RESIN, the latest feature film from Danish filmmaker Daniel Joseph Borgman is one of the most unsettling films I’ve seen this year. The film’s narrative largely plays out as a dramatic thriller, with flashes of horror thrown in for good measure. Stylistically, RESIN is rather beautiful to look at—steeped in earthy tones and hues, with picturesque portraits of nature. If it weren’t for its stunning visuals, the film may be a bit much for some to stomach. Just underneath that idyllic surface is a dirty, mud-soaked, backwoods nightmare waiting to unleash itself upon the unsuspecting audience.
RESIN tells the story of a recluse family living in the deep recesses of the forest. Jens (Peter Plaugborg), the patriarch of the family, looks after his ill wife Maria (Sofie Gråbøl) and daughter Liv (Vivelill Søgaard Holm). At the beginning of the film, it’s made clear that Jens and Maria have plotted together to fake Liv’s death. As the story unfolds, we learn this is because Jens is a genuine hermit, and fears any and all influence from the outside world. As a survivalist, he believes in living off the land, and doing away with the teachings and trappings of a modern society. Jens is such a slave to this ideology, that he is willing to trick the surrounding town into believing his daughter has died in a tragic accident only to further shelter Liv from what he perceives as dangerous influences.

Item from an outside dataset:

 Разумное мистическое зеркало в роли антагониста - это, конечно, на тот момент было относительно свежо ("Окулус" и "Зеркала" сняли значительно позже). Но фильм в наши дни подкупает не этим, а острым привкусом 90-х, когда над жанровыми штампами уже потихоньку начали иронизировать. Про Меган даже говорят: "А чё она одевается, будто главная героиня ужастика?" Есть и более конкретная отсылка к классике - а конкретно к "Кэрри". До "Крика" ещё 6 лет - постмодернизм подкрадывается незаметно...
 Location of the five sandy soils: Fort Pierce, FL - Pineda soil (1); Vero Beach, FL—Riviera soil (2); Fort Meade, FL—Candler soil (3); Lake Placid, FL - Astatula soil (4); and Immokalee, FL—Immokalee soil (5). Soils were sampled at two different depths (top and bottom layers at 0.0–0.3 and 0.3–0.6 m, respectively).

As Jens continues to keep Liv hidden away, he teaches her lessons about the land and coexisting with nature. Jens attempts to impart his survivalist mentality to Liv, but her curiosity begins to take hold of her, and her interest in the outside world grows. Jens has his plan further overturned with the unexpected arrival of his estranged mother Else (Ghita Nørby), who is oblivious to Liv’s faked death. Upon Else’s appearance, Liv’s curiosities reach a tipping point, and as tensions mount between the family and the surrounding town, Jens is forced to take extreme actions in order to preserve his paradise.

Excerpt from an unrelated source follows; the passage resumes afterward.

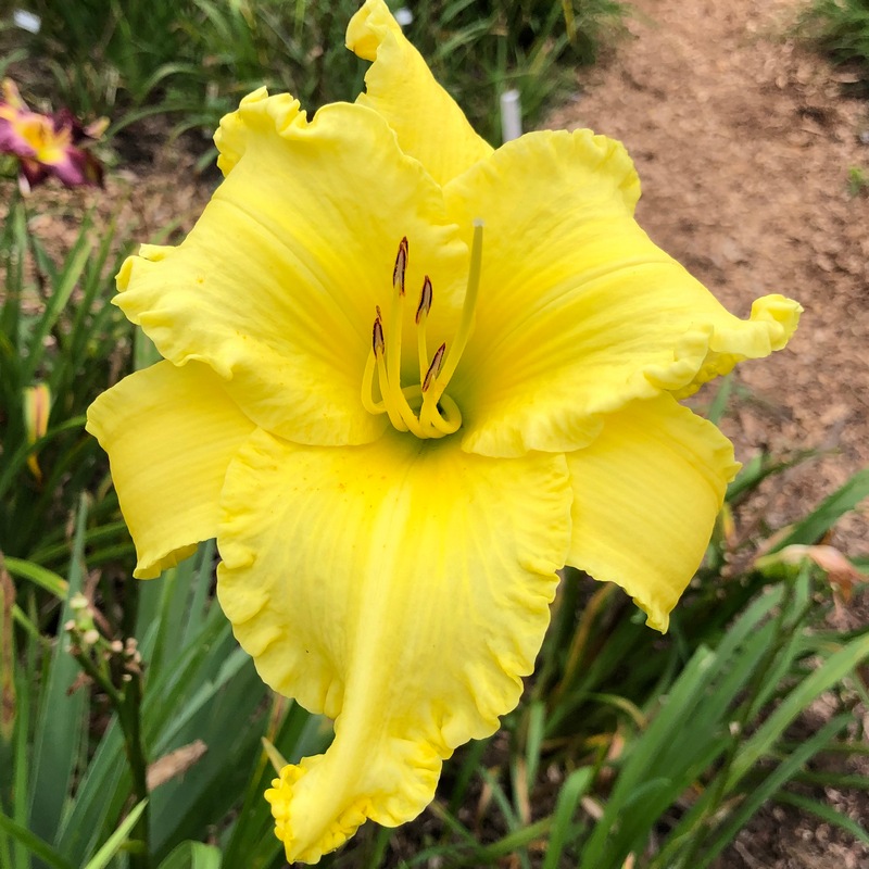 Holmes-M, 16 - 34" M 6.5" DOR Tet Yellow self, green throat, ruffled edge |

It is in the film’s second and third acts that the grotesque and macabre elements are introduced. RESIN’s more violent and graphic imagery is a shock to the system, and adds a new layer of meaning to be dissected. Daniel Joseph Borgman and screenwriter Bo Hr. Hansen are careful to balance both perspectives here—on one hand, Jens is denying his wife the proper care she needs, while also denying his daughter a full and satisfying life, filled with the benefits of modern invention—on the other hand, Jens has a point. The film says a lot about the way in which our modern society forces itself upon all people who inhabit this earth, and how our current society fails to take into account elements such as nature and spirituality. These things are kicked to the curb in favor of science and technology, and the deepest conflict festering within RESIN is that of deciding which is more important, nature or technological advancement.
There are no easy answers provided in RESIN, and the cast and crew behind the film are careful to implement that strategy. Plaugborg’s electric performance as Jens is every bit as empathetic and passionate as it is frightening. We come to understand the relationship Jens has with nature, and even envy it to an extent. At the same time, Liv’s desire to explore and expand is beyond relatable, and at some point in our lives we all feel the need to see beyond the confines of our home. Ultimately, RESIN rests its judgment somewhere in between the two sides—acknowledging the importance of nature, the respect it deserves, and the spiritual connection we inherently share with it; while also admiring the need for progression, advancement, and exploration. This is the best kind of food-for-thought, provided via a challenging and poetic genre film. I can honestly say I recommend RESIN, if you have the willpower, and the stomach for it.